### WHAT THE TASK ASKS
Below are records to be transcribed exactly; any pictures should be left out.

### STORED DATA
*** Block opens ***

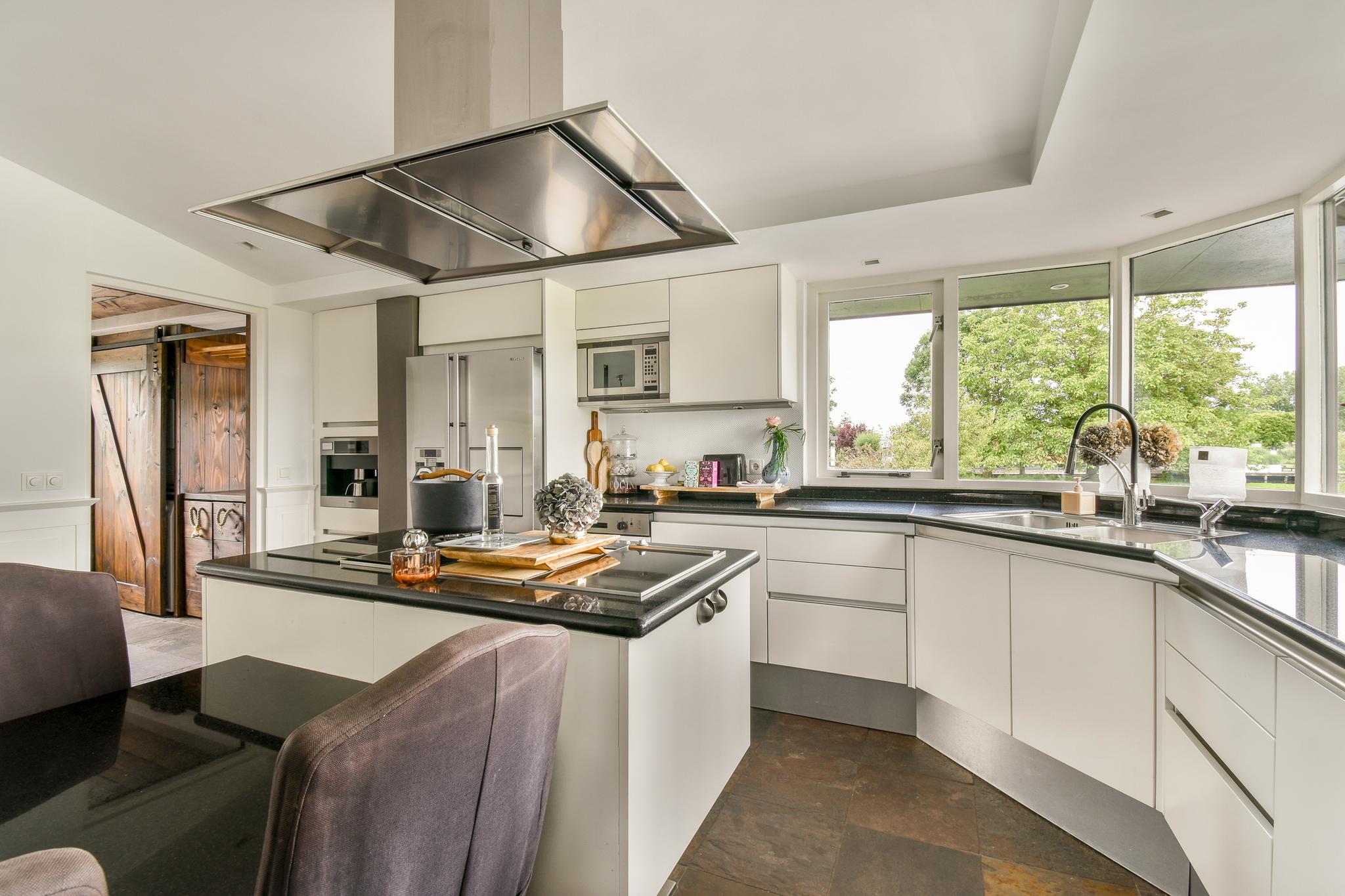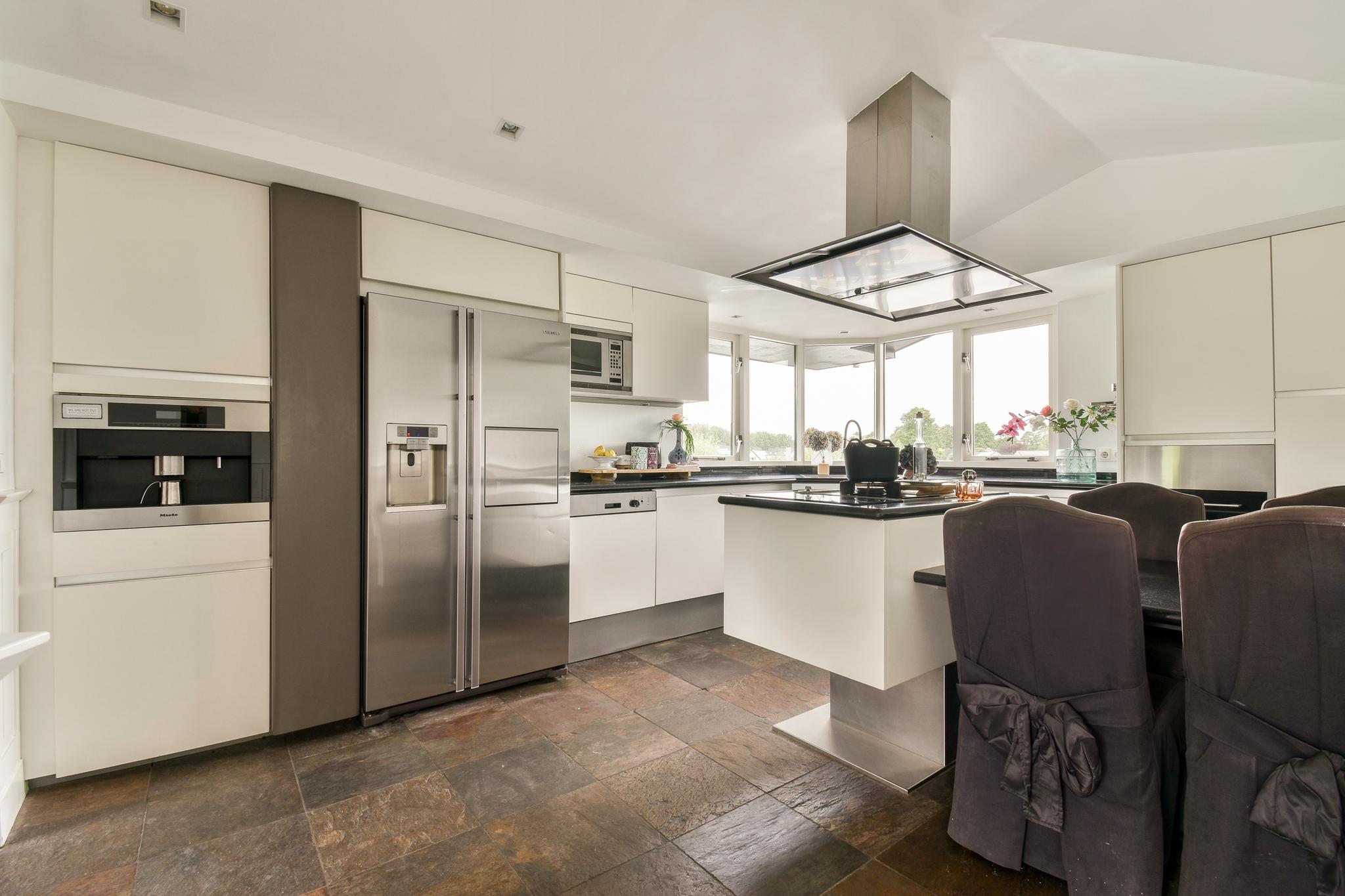 De woonkamer loopt door in de moderne, semi-open keuken met kookeiland, hier vind je alle denkbare apparatuur en ruimte voor de eettafel. Vanuit de keuken heb je toegang tot de bijkeuken met de aansluiting voor de was apparatuur, opstelling van de CV-ketel en een achterdeur naar het terras.
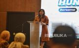 Direktur Pemasaran Perumnas Imelda Alini Pohan menyampaikan sambutan saat kegiatan penandatanganan kerjasama BPJamsostek bersama Perumnas di Jakarta, Selasa (30/4/2024). BPJamsostek bersama Permunas menjalin kerjasama dalam penyaluran manfaat layanan tambahan (MLT) yakni progrom hunian bagi pekerja guna memberikan kemudahan dan kepastian bagi pekerja untuk memiliki hunian sekaligus mensukseskan program Sejuta Rumah. (FOTO : Republika/Thoudy Badai)
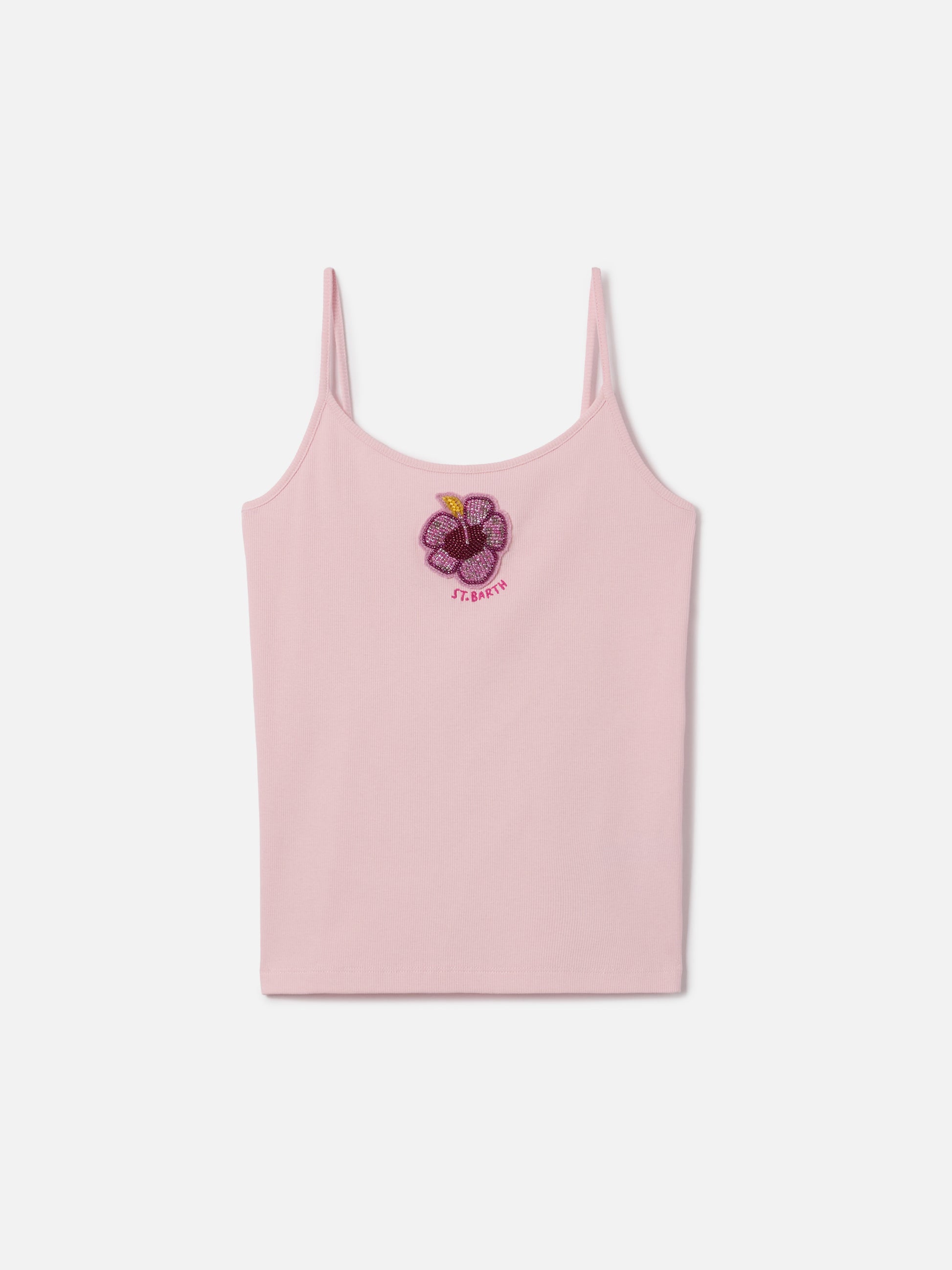 Pink Zaira tank top with embroidered logo and bead patch
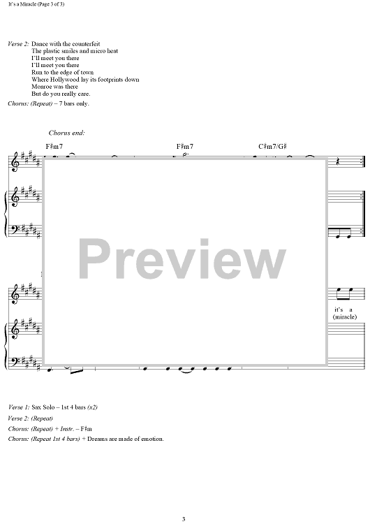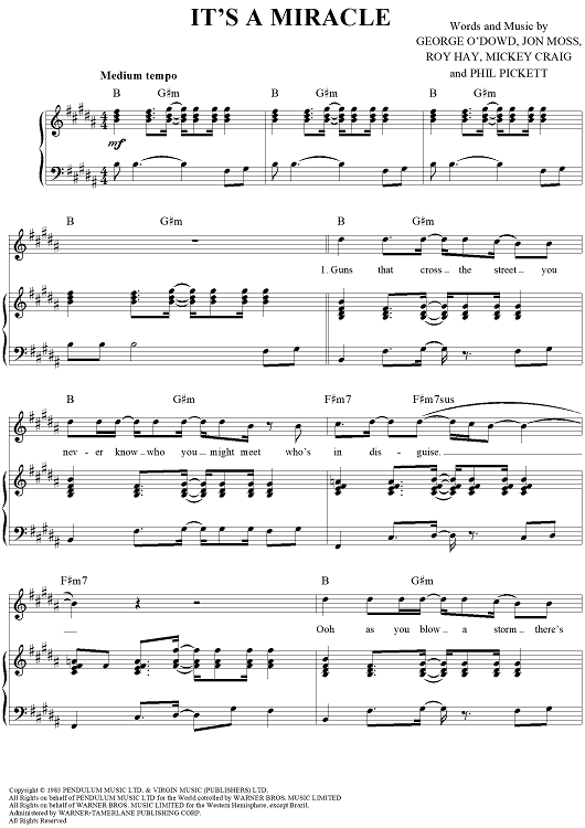 Digital Sheet Music for It's a Miracle by Boy George, Jon Moss, Roy Hay, Mikey Craig, Phil Pickett, Culture Club scored for Piano/Vocal/Chords; id:321255
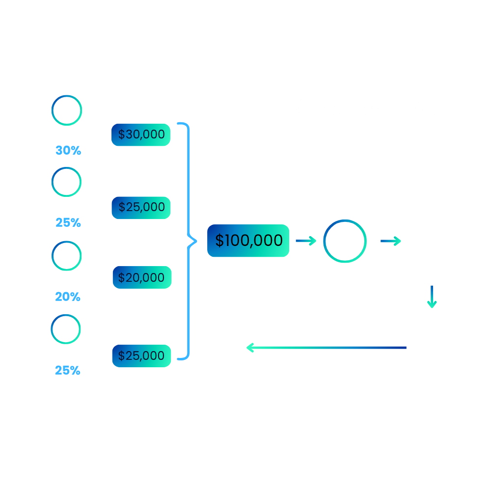 Here’s how PAMM allocation works in action: Let’s say four participants join a PAMM account — including the fund manager. • Fund Manager’s capital: $30,000 • Investor A contributes: $25,000 • Investor B contributes: $20,000 • Investor C contributes: $25,000 Total Pooled Funds: $100,000 Now, imagine the fund manager makes a 10% return on the total fund through trading. That means a $10,000 profit is generated.
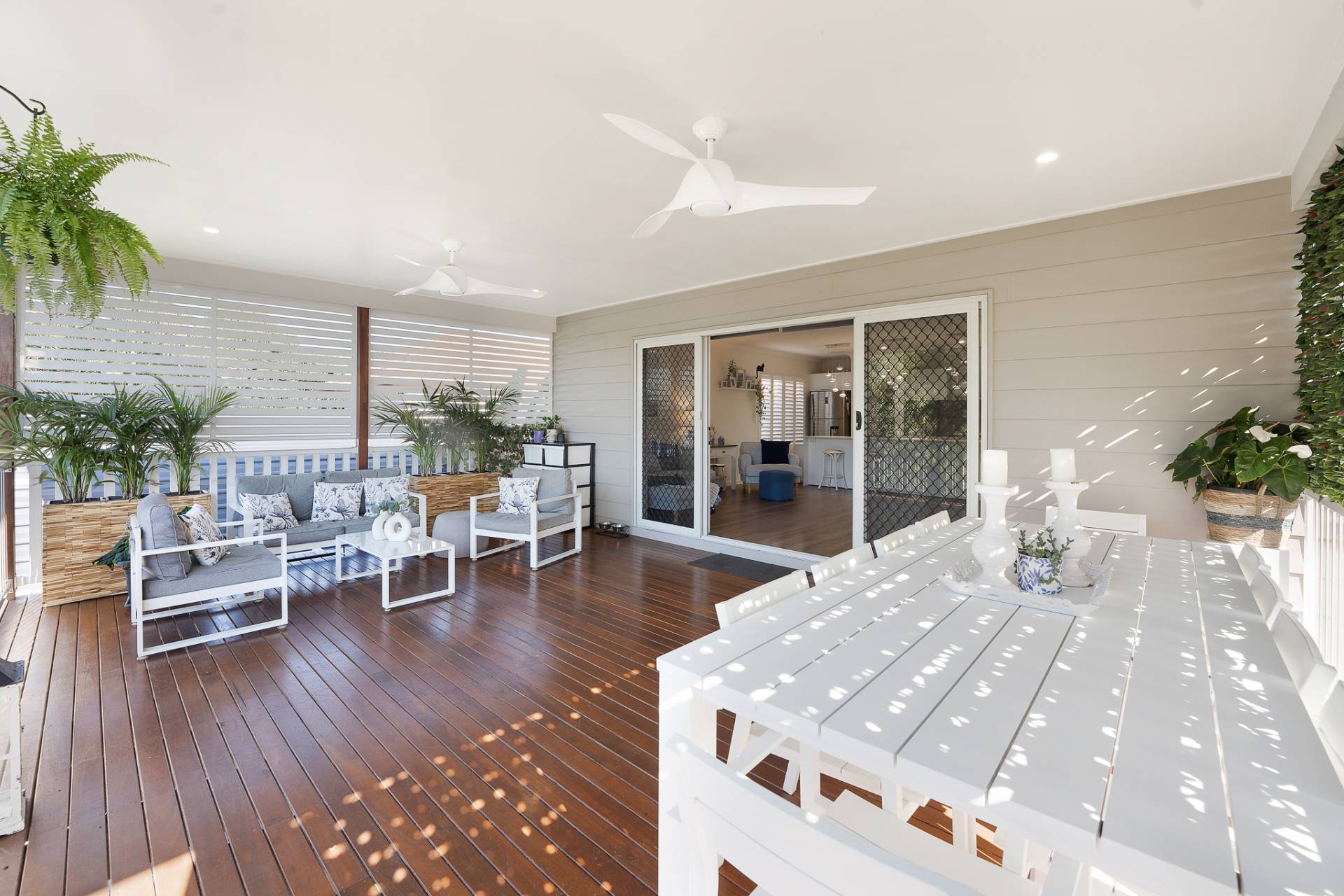 • The open plan living area flows seamlessly to the full width, covered east facing deck
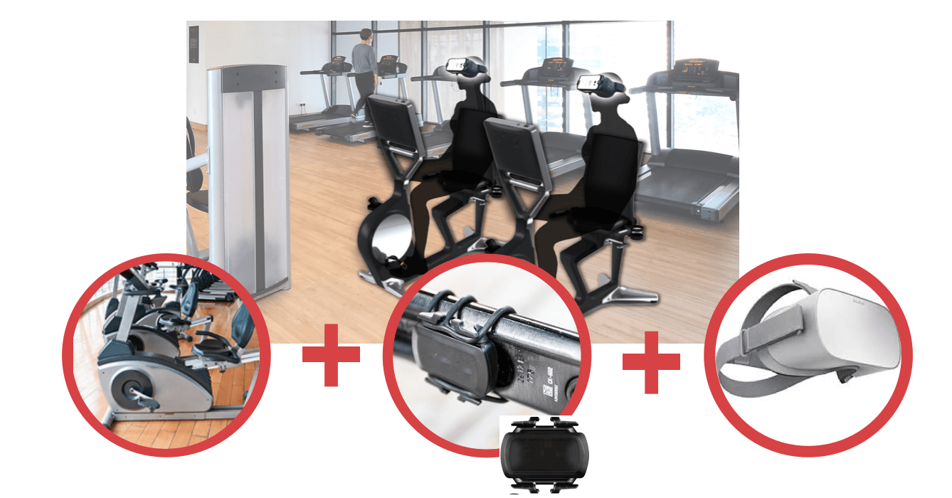 新しく開発したヘルスケアVRは、既存のエアロバイクや自転車に回転センサーを付けるだけで、HMD1つで簡単にサイクリングVRを楽しむことができます。フィットネス施設や自転車を活用したロケーションサービス等、既存の設備をそのまま活用した導入が可能になりました。
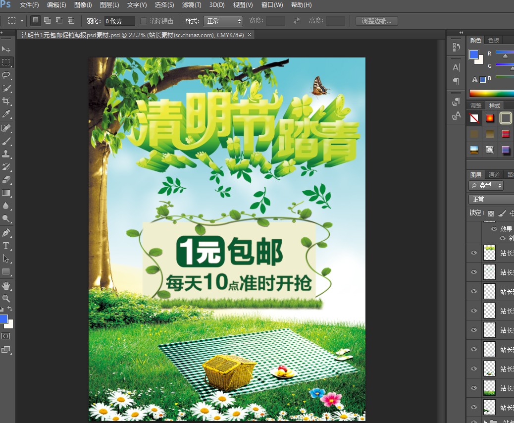 清明节1元包邮促销海报psd素材

*** Block closes ***

### REPLY TO THE TASK
 De woonkamer loopt door in de moderne, semi-open keuken met kookeiland, hier vind je alle denkbare apparatuur en ruimte voor de eettafel. Vanuit de keuken heb je toegang tot de bijkeuken met de aansluiting voor de was apparatuur, opstelling van de CV-ketel en een achterdeur naar het terras.
 Direktur Pemasaran Perumnas Imelda Alini Pohan menyampaikan sambutan saat kegiatan penandatanganan kerjasama BPJamsostek bersama Perumnas di Jakarta, Selasa (30/4/2024). BPJamsostek bersama Permunas menjalin kerjasama dalam penyaluran manfaat layanan tambahan (MLT) yakni progrom hunian bagi pekerja guna memberikan kemudahan dan kepastian bagi pekerja untuk memiliki hunian sekaligus mensukseskan program Sejuta Rumah. (FOTO : Republika/Thoudy Badai)
 Pink Zaira tank top with embroidered logo and bead patch
 Digital Sheet Music for It's a Miracle by Boy George, Jon Moss, Roy Hay, Mikey Craig, Phil Pickett, Culture Club scored for Piano/Vocal/Chords; id:321255
 Here’s how PAMM allocation works in action: Let’s say four participants join a PAMM account — including the fund manager. • Fund Manager’s capital: $30,000 • Investor A contributes: $25,000 • Investor B contributes: $20,000 • Investor C contributes: $25,000 Total Pooled Funds: $100,000 Now, imagine the fund manager makes a 10% return on the total fund through trading. That means a $10,000 profit is generated.
 • The open plan living area flows seamlessly to the full width, covered east facing deck
 新しく開発したヘルスケアVRは、既存のエアロバイクや自転車に回転センサーを付けるだけで、HMD1つで簡単にサイクリングVRを楽しむことができます。フィットネス施設や自転車を活用したロケーションサービス等、既存の設備をそのまま活用した導入が可能になりました。
 清明节1元包邮促销海报psd素材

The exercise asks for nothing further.